V. Descrição dos factos e fundamentos das correções/irregularidades

Segundo o SP, a mercadoria vendida à E... é adquirida à sociedade B... S.A., esta era recebida na Rua ..., nº..., ..., ...-... Viseu e segue a partir desta morada para Hong Kong, para o grupo H... Group Limited, essencialmente, via aeroporto de Lisboa.

A certa altura do ano deixa de constar nas faturas e nos documentos de exportação H... Group Limited, passando a referenciar F... CO., LIMITED, constando por vezes outra entidade para além de F... CO., LIMITED.

 

 

  1. O documento de base à exportação é a fatura emitida pela E... ao seu cliente em Hong Kong.
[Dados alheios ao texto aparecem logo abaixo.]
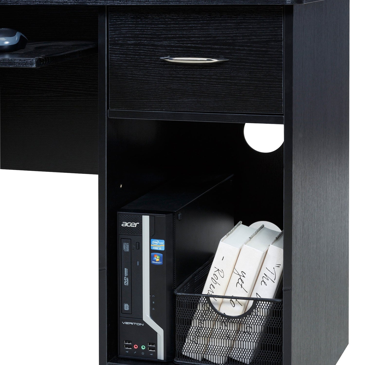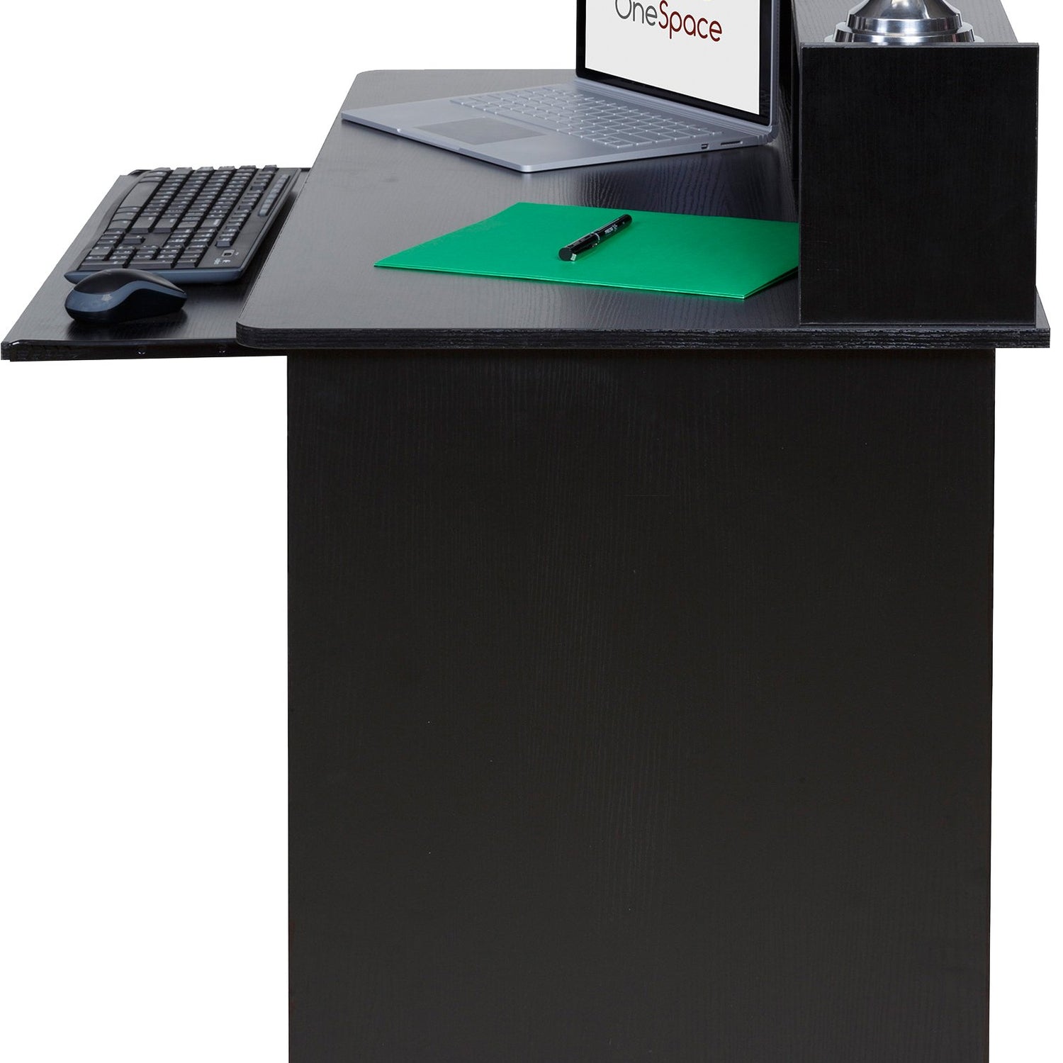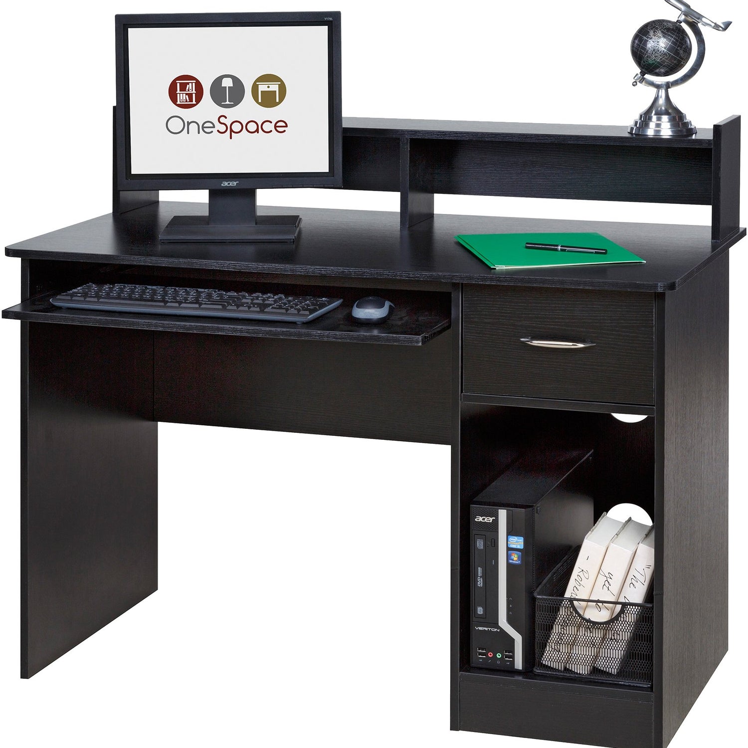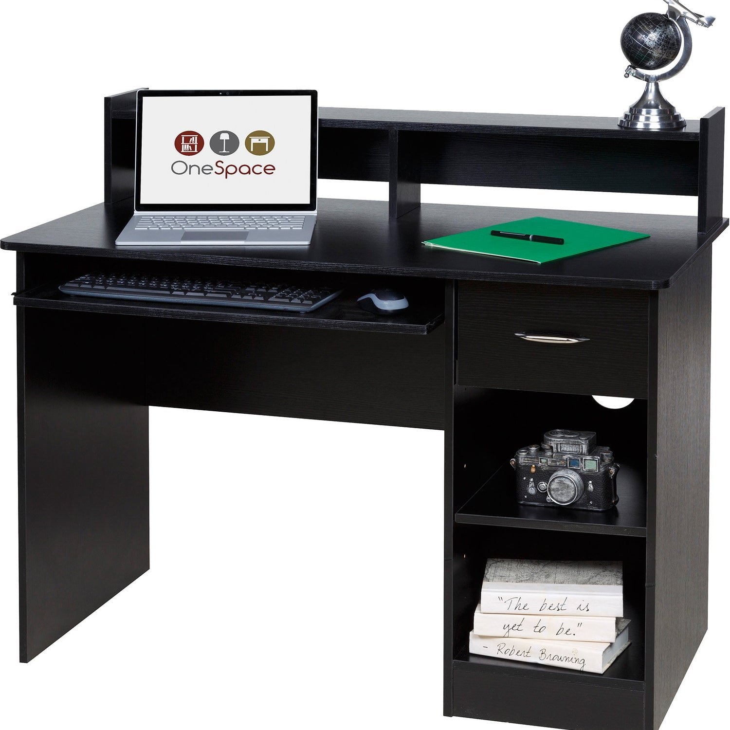 OneSpace Essential Black Computer Desk with Hutch & Pull-Out Keyboard Tray

O SP declara, que a mercadoria não ficava armazenada. Era recolhida e expedida no próprio dia, sendo a recolha e o transporte das mercadorias contratado pelo destinatário das mesmas em Hong Kong. Tal responsabilidade está expressa na fatura emitida pela E..., em língua inglesa. Não obstante, a A... fazia o contacto com a transportadora no que dizia respeito à parte organizacional (i.e., informava sobre dia da recolha, volumes a recolher, etc.).

 

Transações e circuito dos bens

 

(...)

Transmissões para a E... enviadas para Hong Kong e Itália a partir de Portugal

O valor total das Aquisições lntracomunitárias ao fornecedor B... S.A., foi de € 6.152.571,95, conforme listagem em anexo 3.

Como se pode ver na relação em anexo 3, da faturação emitida pela B..., a mercadoria adquirida à B... S.A. de Espanha, tem como principal destino Hong Kong e Itália, contudo, uma parte dos itens destinam-se à loja ... em Lisboa, representando, uma percentagem baixa do total faturado.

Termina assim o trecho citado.